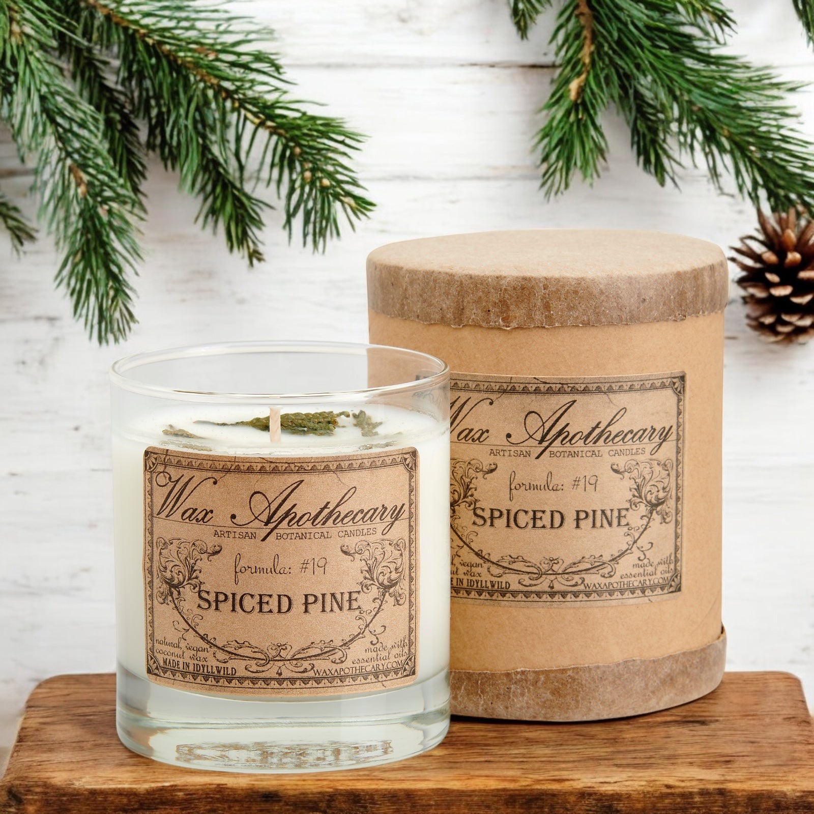 Spiced Pine 7 oz Botanical Candle in Scotch Glass *Seasonal
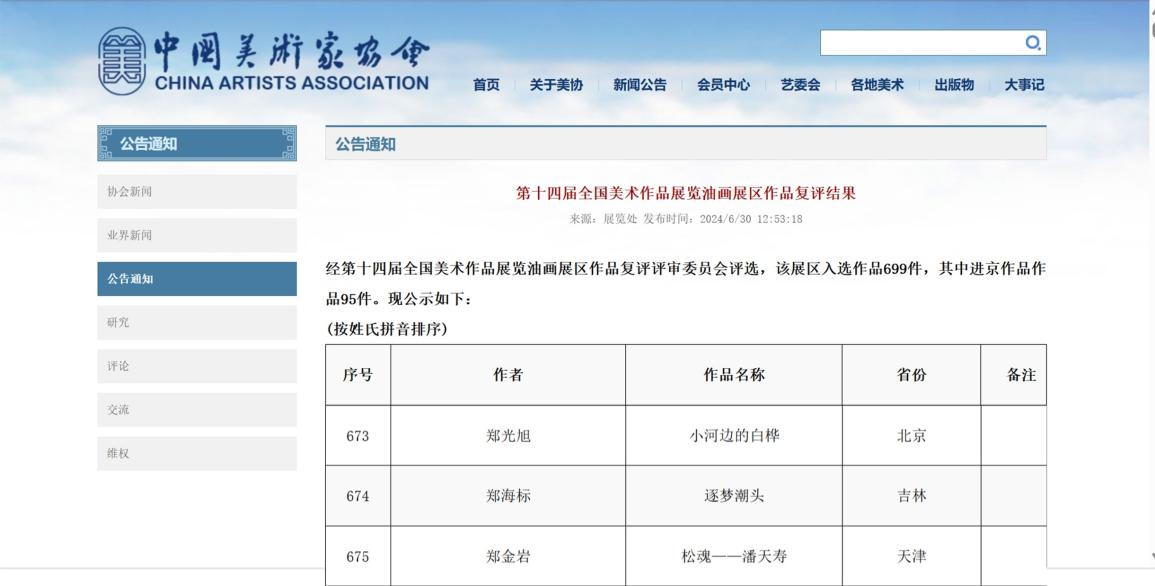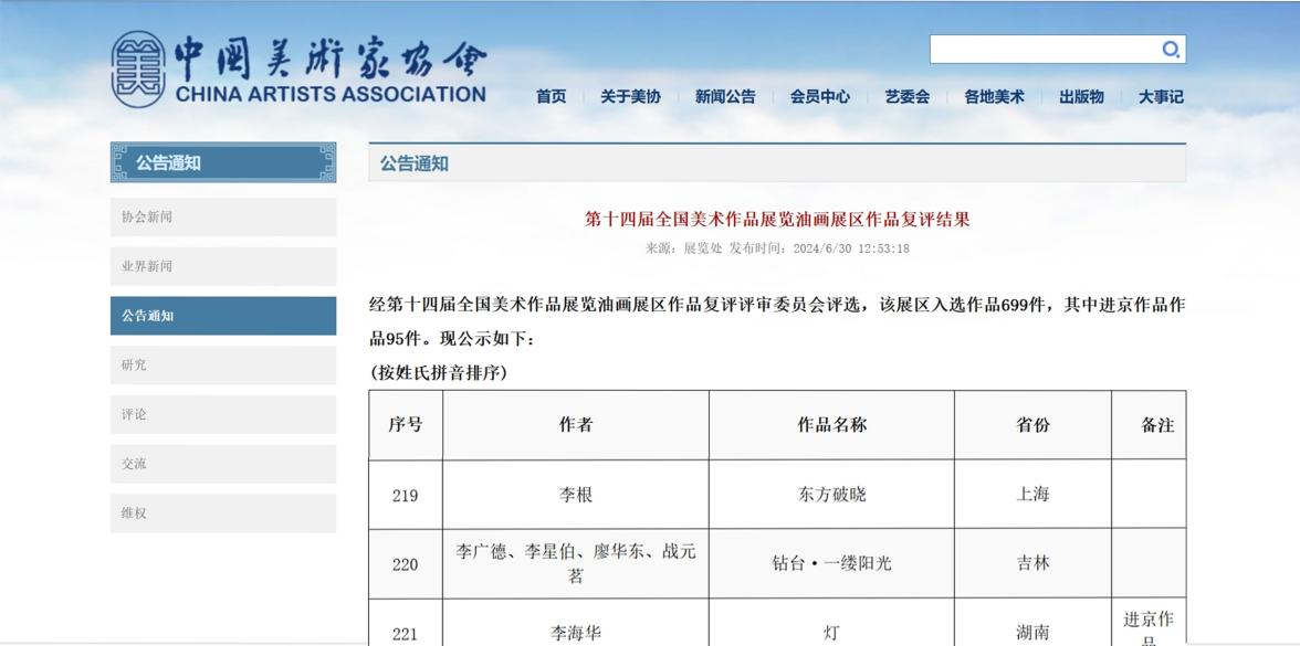 近日,中国美术家协会官网公布了第十四届全国美术作品展览作品复评的结果。做爱影片
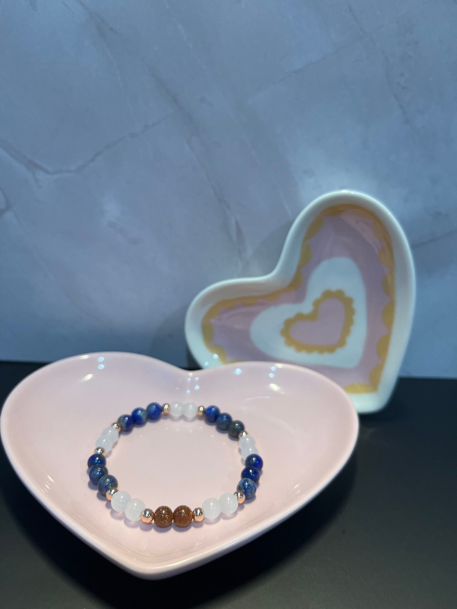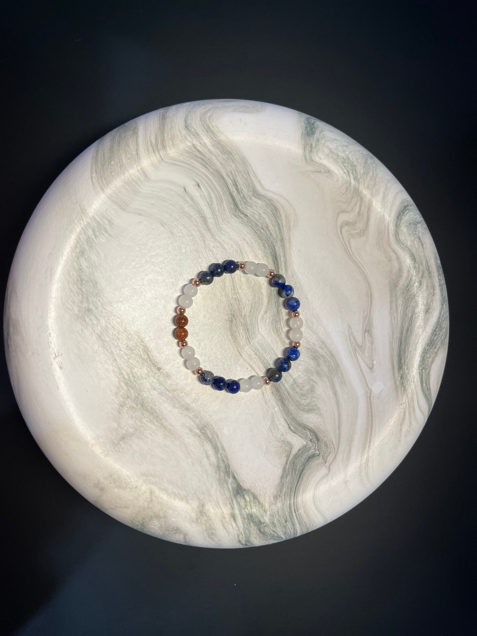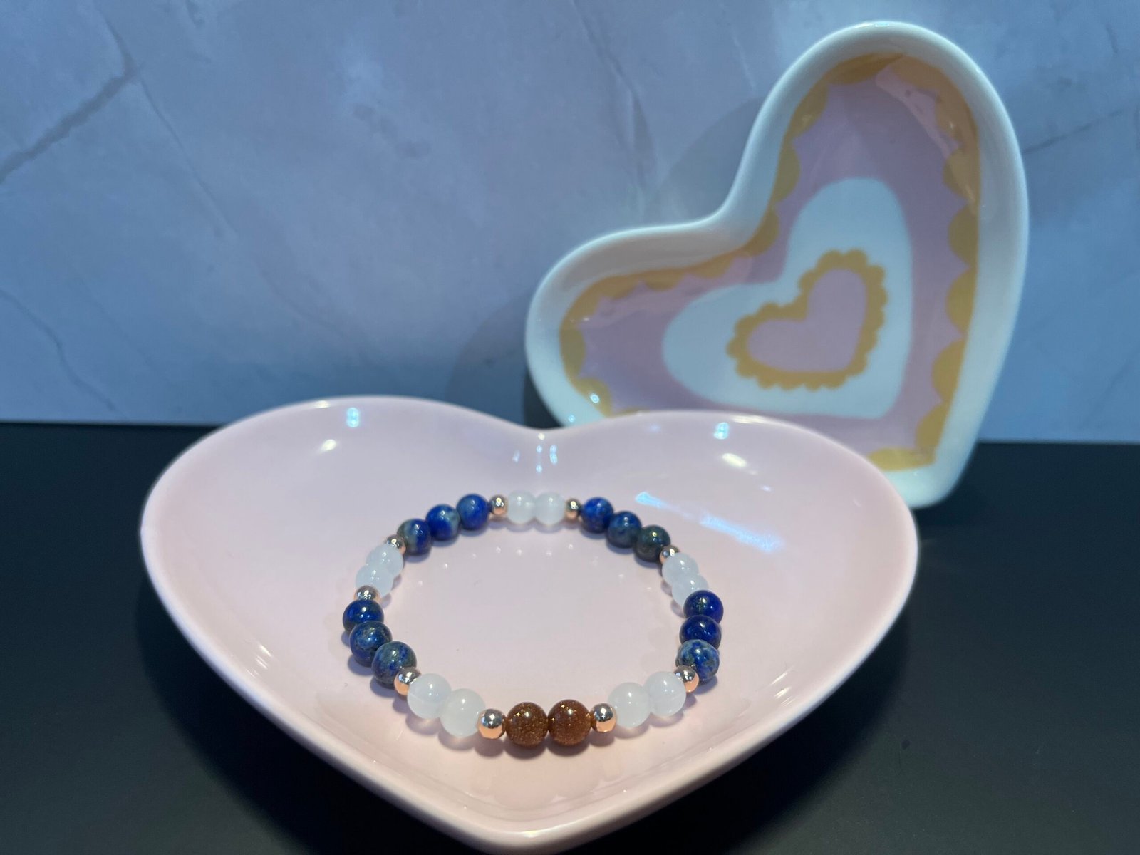 The Karen Bracelet embodies a unique blend of sentimentality and elegance. Thoughtfully handmade using carefully selected materials, this exquisite piece is more than just an accessory; it’s a celebration of meaningful relationships and personal milestones. Highlighting Lapis Lazuli, known as the stone of friendship, the bracelet carries the essence of genuine bonds and cherished connections in its vibrant blue tones. What truly sets the Karen Bracelet apart is its intricate design and thoughtful material choices. Golden Sand Stone, recognized as the stone of wisdom, adds its warm golden shimmer, symbolizing clarity and intellect. Complementing this is the milky white glass beads, which impart a sense of purity and serenity to the overall design. To complete the look, rose gold accents bring an inviting finish that balances modern aesthetics with timeless charm, ensuring it becomes a standout addition to your jewellery collection.
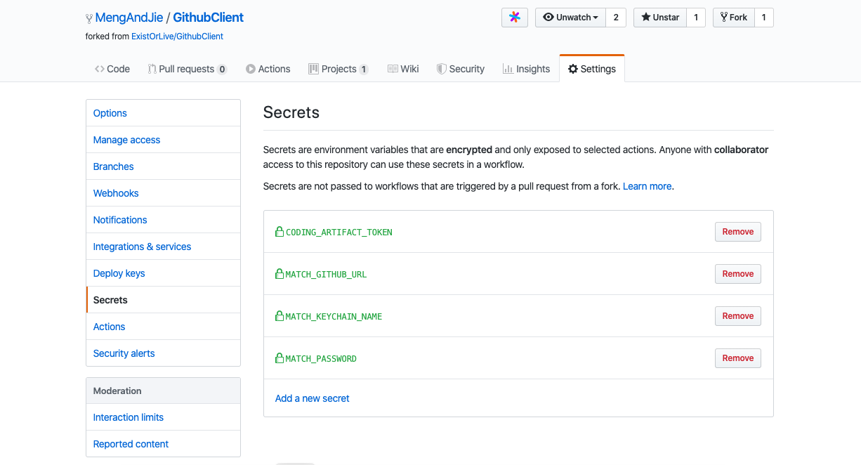- 在workflow中可能会使用token,secret-key这样的私密信息,无法明文写在配置文件中。 这些信息可以在repository的setting配置为secret,然后在step中配置为env
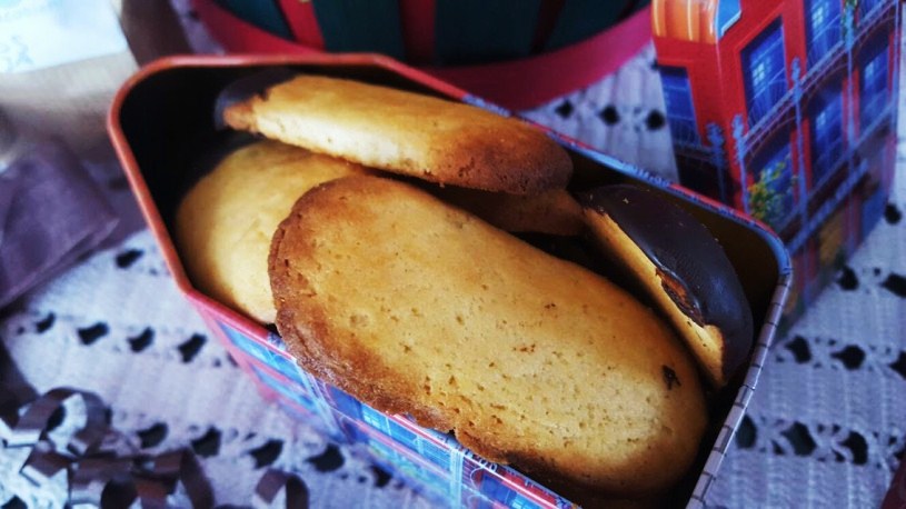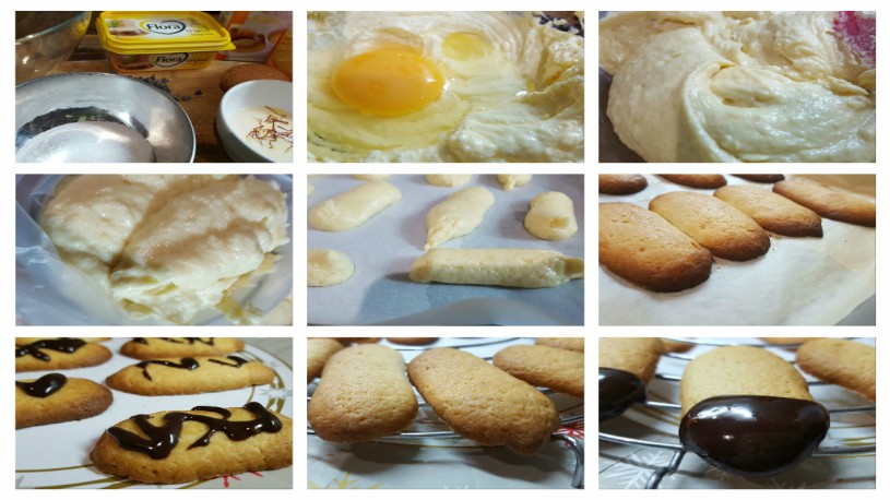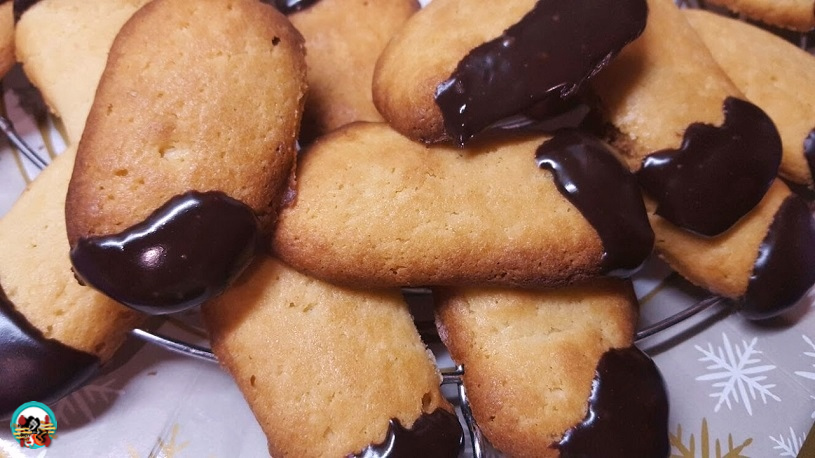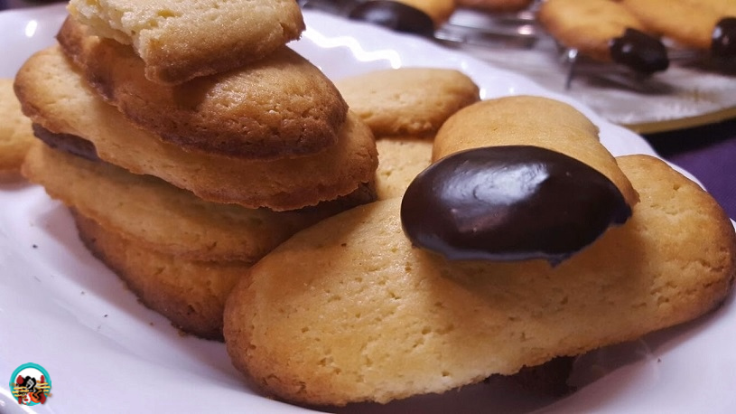 3.- Introducimos la masa en una manga pastelera, cubrimos una placa con papel de horno. Dispersamos la masa en forma de lenguas, separadas entre si. Las horneamos 15 minutos y las dejamos enfriar. Fundimos el chocolate al baño María, bañamos las lenguas de gatos en chocolate y las dejamos enfriar.
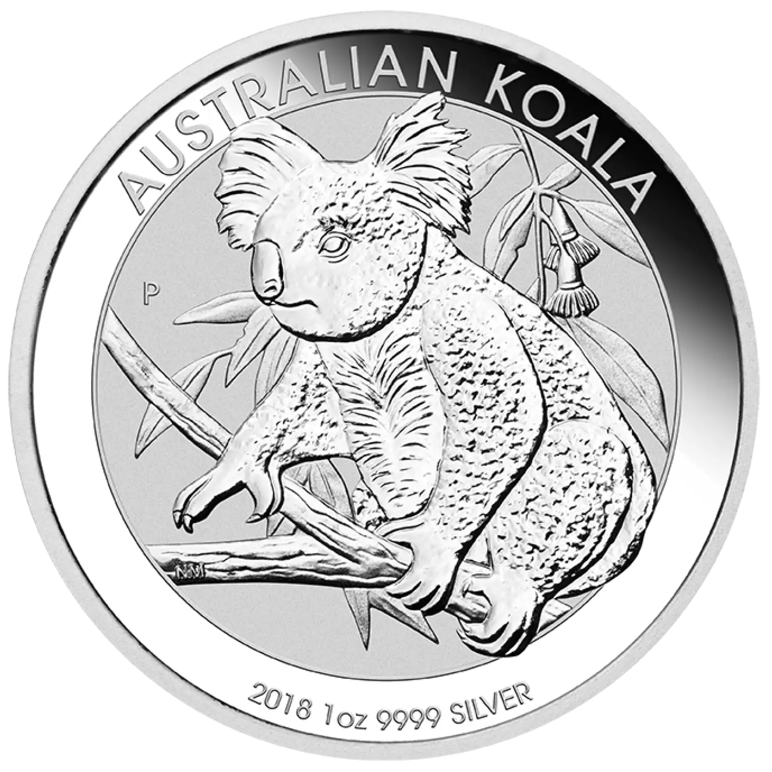 The spot price of silver tends to be more volatile than the spot price of gold and is one of the reasons that both silver premiums and spreads tend to be wider for silver coins and silver bars. Each 2018 1oz Australian Silver Koala is composed of 1 troy ounce of .9999 fine silver and has a limited mintage of 3,00,000 coins. The Obverse of the coin features Ian Rank-Broadley likeness of Her Majesty Queen Elizabeth II. The reverse of each coin portrays a koala sitting on the branch of a eucalyptus tree surrounded by gum leaves. The inscription AUSTRALIAN KOALA, The Perth Mint’s traditional ‘P’ mintmark, the 2018 year-date, and the weight and purity are also included in the design
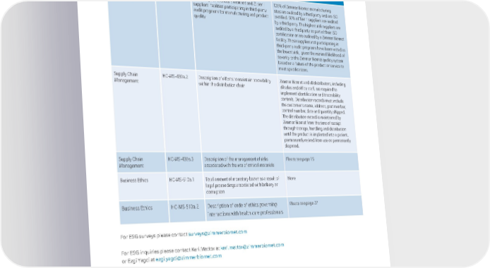 To p i c Code SASB Metric 2021 Reporting Supply Chain Management HC-MS-430a.1 Percentage of 1) entity's facilities and 2) tier I suppliers' facilities participating in third-party audit programs for manufacturing and product quality 100% of Zimmer Biomet manufacturing sites are audited by a third party and are ISO certified. 50% of Tier 1 suppliers are audited by a third party. The highest risk suppliers are audited by a third party as part of their ISO certification or are audited by a Zimmer Biomet facility. Those suppliers not participating in third-party audit programs have been vetted as the lowest risk, given the minimal likelihood of severity to the Zimmer Biomet quality system based on a failure of the product or service to meet specifications. Supply Chain Management HC-MS-430a.2 Description of efforts to maintain traceability within the distribution chain Zimmer Biomet and all distributors, including all sales and office staff, are required to implement identification and traceability controls. Distribution records must include the customer's name, address, part number, control number, date and quantity shipped. The distribution record is maintained by Zimmer Biomet from the time of receipt through storage, handling and distribution until the product is implanted into a patient, permanently retired from use or permanently disposed. Supply Chain Management HC-MS-430a.3 Description of the management of risks associated with the use of critical materials Please see page 15 Business Ethics H C - M S - 510 a .1 Total amount of monetary losses as a result of legal proceedings associated with bribery or corruption None Business Ethics HC-MS-510a.2 Description of code of ethics governing interactions with health care professionals Please see page 27 For ESG surveys please contact surveys@zimmerbiomet.com For ESG inquiries please contact Keri Mattox at keri.mattox@zimmerbiomet.com or Ezgi Yagci at ezgi.yagci@zimmerbiomet.com 27

INSTRUCTIONS FOR THE TASK -
Once you have returned the line containing "The Karen Bracelet embodies", stop; begin at the first line of the material, keep each line exact, and skip the pictures.

RESPONSE BELOW -
 Spiced Pine 7 oz Botanical Candle in Scotch Glass *Seasonal
 近日,中国美术家协会官网公布了第十四届全国美术作品展览作品复评的结果。做爱影片
 The Karen Bracelet embodies a unique blend of sentimentality and elegance. Thoughtfully handmade using carefully selected materials, this exquisite piece is more than just an accessory; it’s a celebration of meaningful relationships and personal milestones. Highlighting Lapis Lazuli, known as the stone of friendship, the bracelet carries the essence of genuine bonds and cherished connections in its vibrant blue tones. What truly sets the Karen Bracelet apart is its intricate design and thoughtful material choices. Golden Sand Stone, recognized as the stone of wisdom, adds its warm golden shimmer, symbolizing clarity and intellect. Complementing this is the milky white glass beads, which impart a sense of purity and serenity to the overall design. To complete the look, rose gold accents bring an inviting finish that balances modern aesthetics with timeless charm, ensuring it becomes a standout addition to your jewellery collection.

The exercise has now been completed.